Every day, it seems, we read about further declines in levels of trust. As a result, business leaders increasingly pontificate about the need to restore trust, and they’re right to be worried.
Trust is money. It delivers improved cashflow, higher valuations, faster times to market, competitive edge. Without it, everything takes longer, is more complex and often, vastly more costly.
Most leaders now regard trust as the hidden asset on their balance sheets, worth – in some cases – billions.
Paul Zak, director of the Centre for Neuroeconomic Studies at Claremont Graduate University in California, says that personal trust is a strong predictor of a country’s wealth and prosperity. “High-trust countries tend to grow much more rapidly than low-trust countries. Trust really is a kind of economic lubricant, resulting in a government sector that works well, a social sector that works well and an economy that also works well,” he says.
So, trust matters, and is essential to progress.
Restoring trust though is misleading as a concept. It is very hard to think about what to do with that concept. The thing we forget about trust, is that it only occurs in relationships. A better concept is that relationships are the engines of success, and we need to focus on the health of our key relationships. We can do something about that.

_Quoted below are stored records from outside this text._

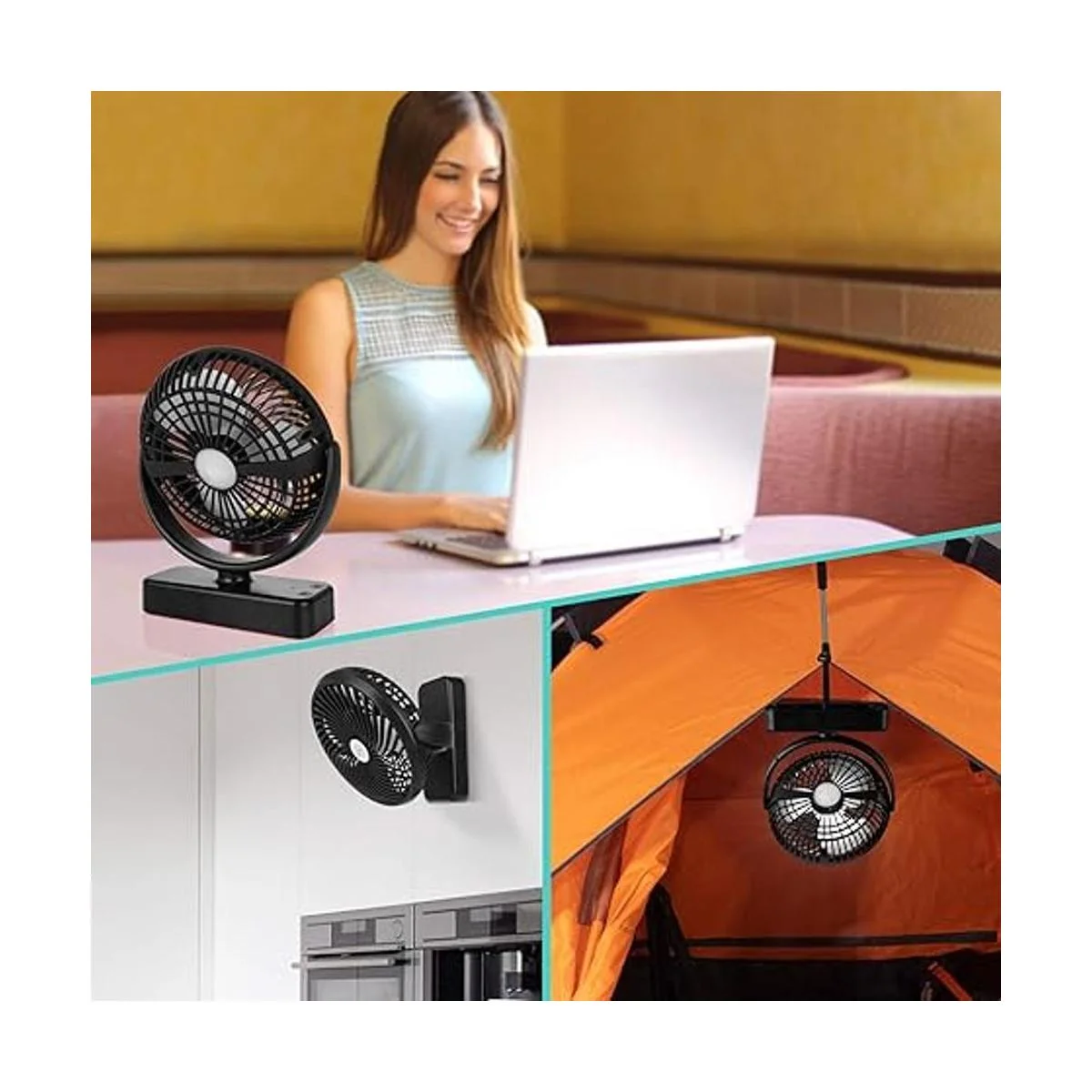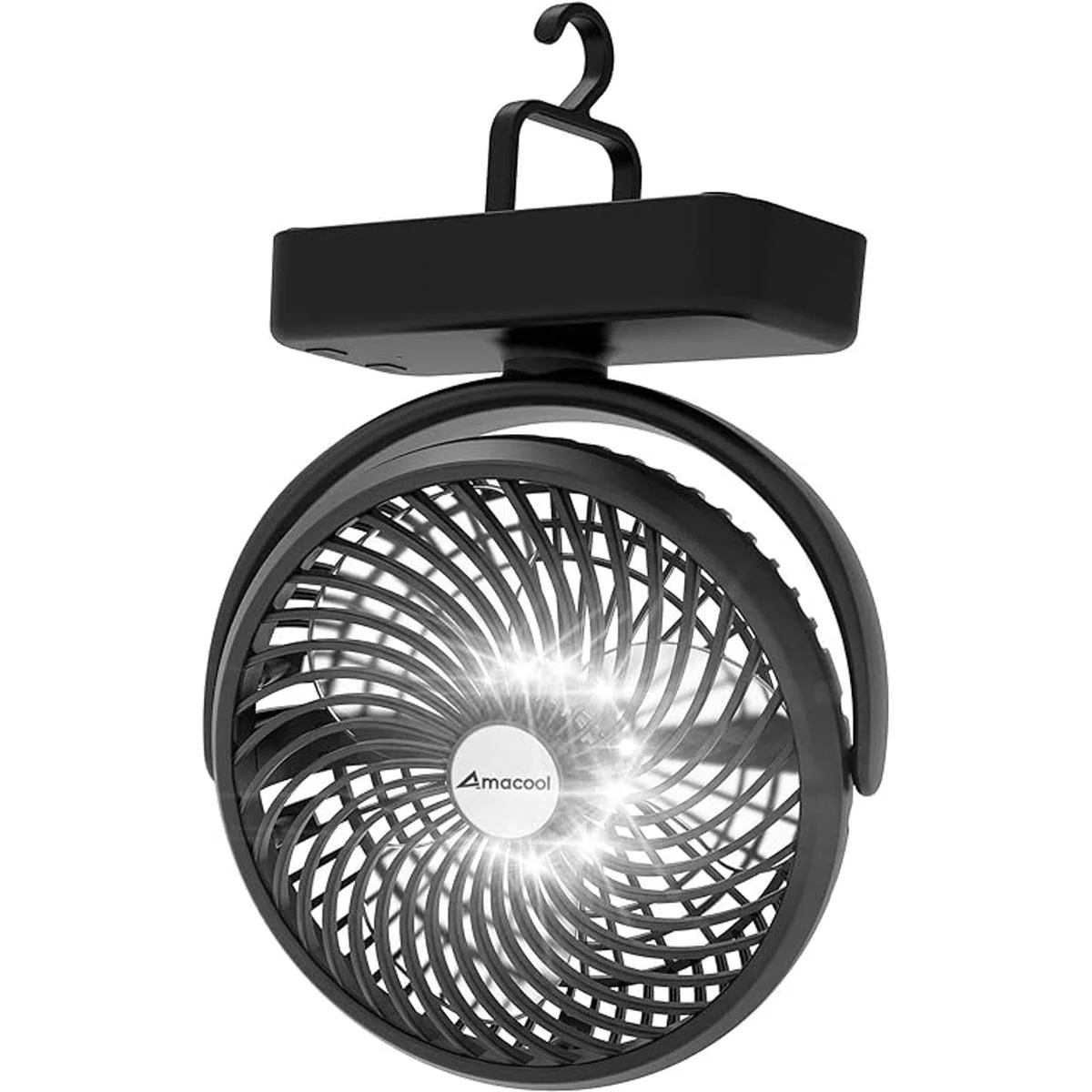 Ventilador de campamento con pilas de 10000 mAh con luz LED, ventilador USB de 7 pulgadas con gancho para colgar para tienda de campaña, automóvil, caravana, huracán, emergencia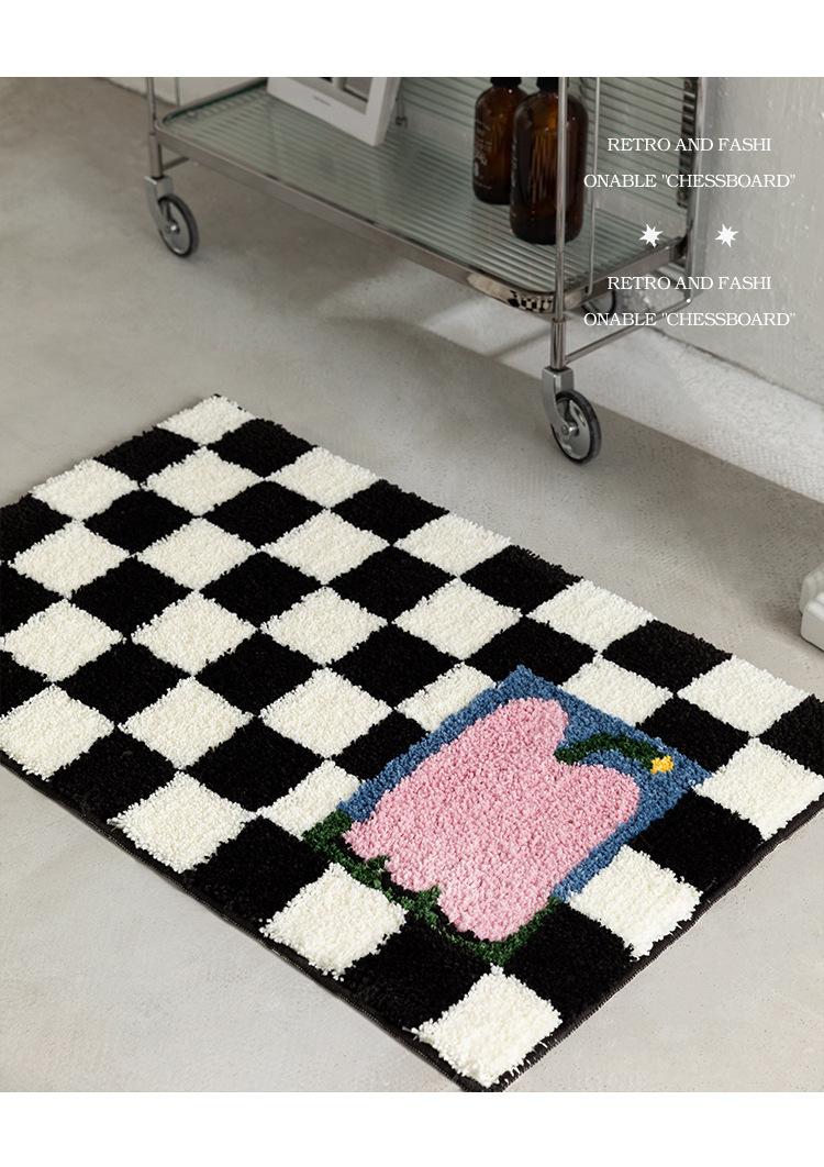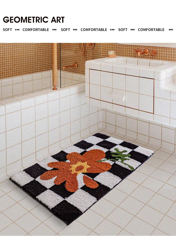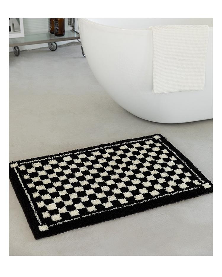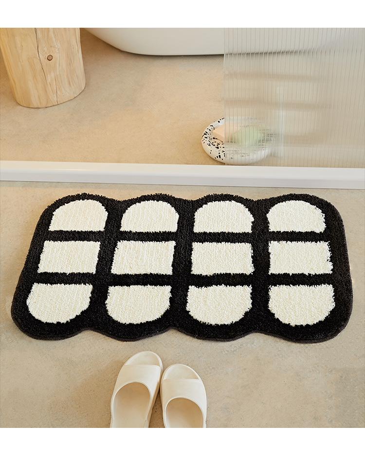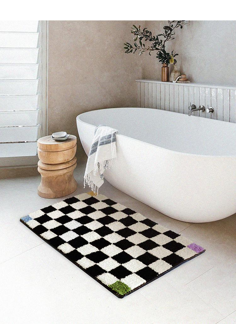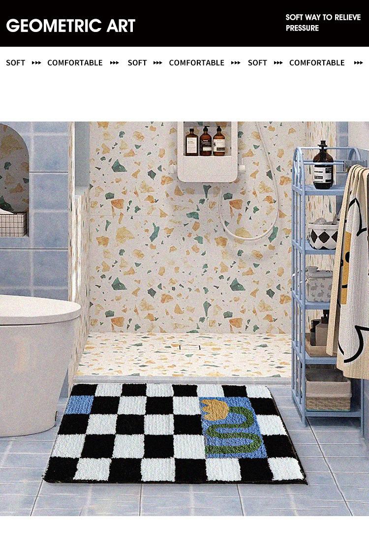 Estilo Ins Alfombra de Pie para Inodoro de Celosía Blanca y Negra Alfombra Antideslizante Alfombra Absorbente para Baño Alfombra para Puerta de Inodoro Alfombra para Piso de Inodoro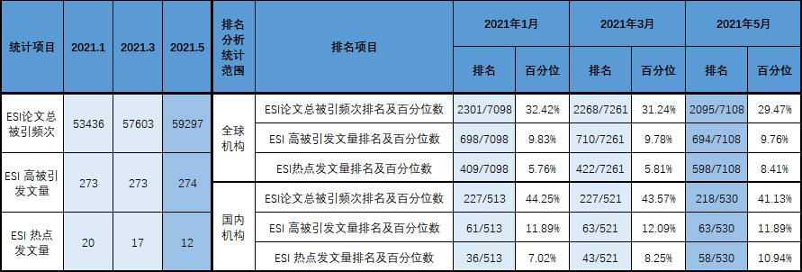 本期XK星空ESI论文总被引频次在全球7108个机构中,排名2095;在国内530个机构中,排名218。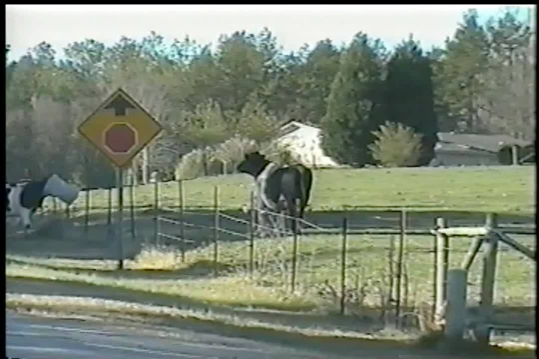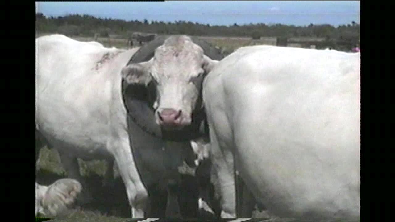 Man driving truck moos over PA system on truck, herd of cows in field starts to chase truck up and down road. Animals. Farm. Unusual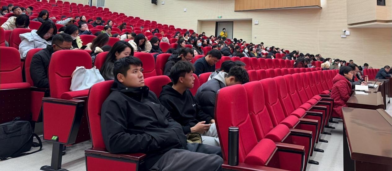 接着,校党委委员、副校长范玮回顾了本学期在教学教研、校园安全、后勤保障、膳食管理等方面所做的工作。他从教学常规管理的落实情况、师资队伍建设的成效与挑战、教学质量保障的举措与成果、课程建设推进的进展与方向、教学信息化推动的力度与问题等多个维度进行了深入剖析。 同时,范玮还对校园安全及后勤保障工作进行了分析总结,对在这些岗位上辛勤付出的分管干部表达了衷心感谢。他表示,过去一学期,校园秩序井然,后勤服务贴心到位,膳食管理成果显著,教学成绩稳步提升,这些都离不开全体教职工的辛勤汗水与聪明才智。新的学期,期待大家团结一心、砥砺奋进,以更加饱满的热情和昂扬的斗志,开创学校教学工作的崭新局面,为学校的蓬勃发展贡献更多的力量。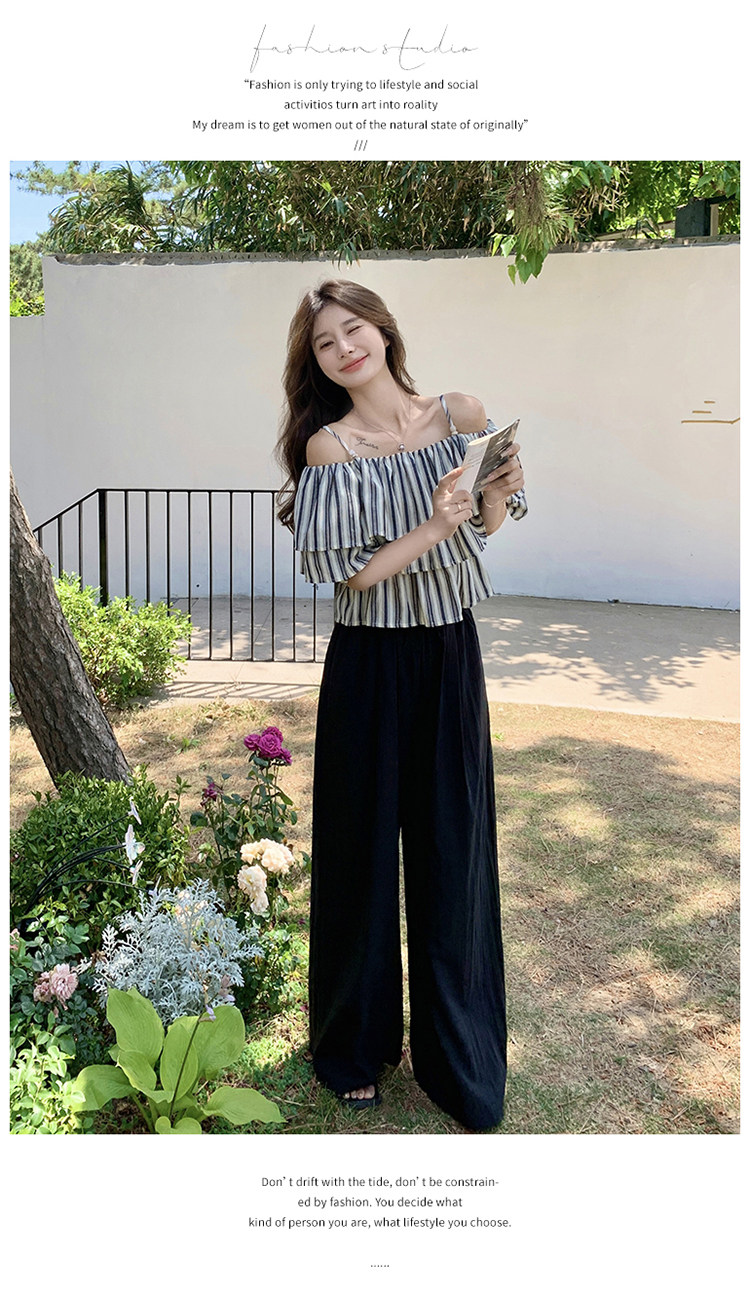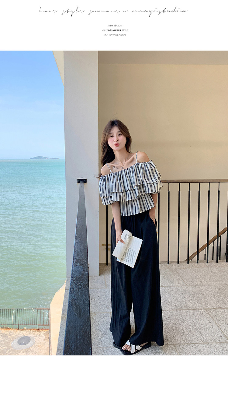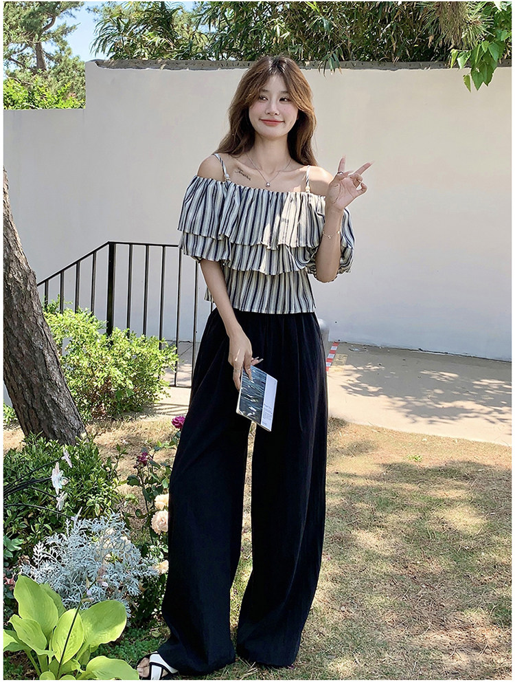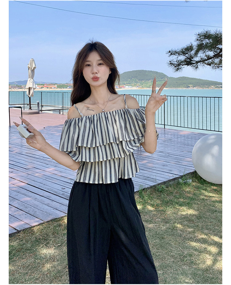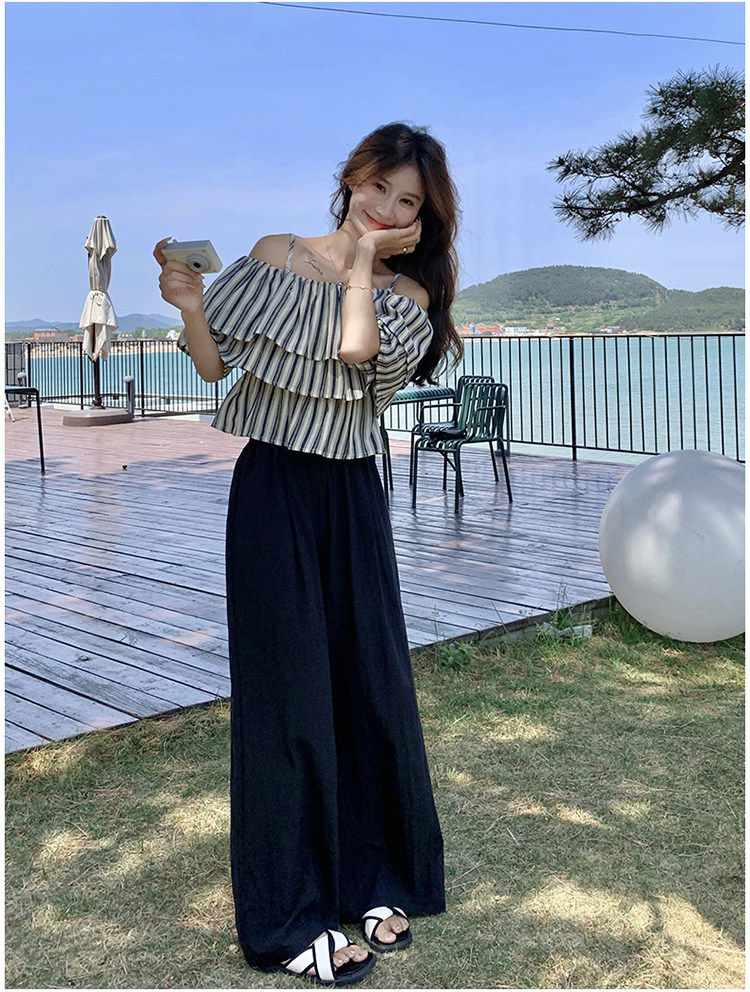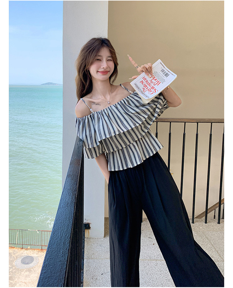 2点セット!【セットアップ】フリル付き ストライプ オフショルダーシャツ+ワイドパンツ 上下セット 夏【JZシリーズ】

Building a climate of trust in relationships requires emotional intelligence. Knowing how to create a positive relationship with employees, customers, suppliers, the local community, society and shareholders is becoming the fundamental element for long-term success.
At the heart of what leaders need to worry about is the idea that their very future is pegged to the strength of the relationships they have with all the people upon whom their success depends. Those relationships are not only precious, but also increasingly fragile. The reason is because relationships change, and in a world transforming at the speed of thought, power has spilled out of the corridors of government and big business and onto the street. Here, people have become less deferential and much more demanding. Why? It is because they have greater access to information and to each other. That means they have much more choice – and they’re getting smarter. Not only are they smarter, but they are also faster than most companies are able to respond. To them, trust is as critical as delivery, and they sit in judgement of every act and every utterance of leaders. If they don’t like what they see or hear, if they lose trust in a company or brand, they can walk out of this relationship and into another, just like that.
The worst risk is therefore not in the loss of reputation, but rather in the consequences of a bad reputation – the destruction of relationships. So you could argue that managing reputation is actually about managing the risks around the intangible asset of relationships – for it is upon these relationships that the future of the company depends.
And if it is all about relationships, we need to spend more time fundamentally understanding those relationships, and the drivers of trust within them. That means a great deal more time measuring and monitoring (The Science). With that understanding, we can put more positive emotion in to how we relate to these people, and how we communicate with them (The Art).
Trust is an emotion, and essential to our future economic wellbeing. We won’t restore it unless we remember that we need to put more emotionally intelligent thinking into our decision making.
If leaders are to be successful in restoring trust, it will take both heart and science to do so.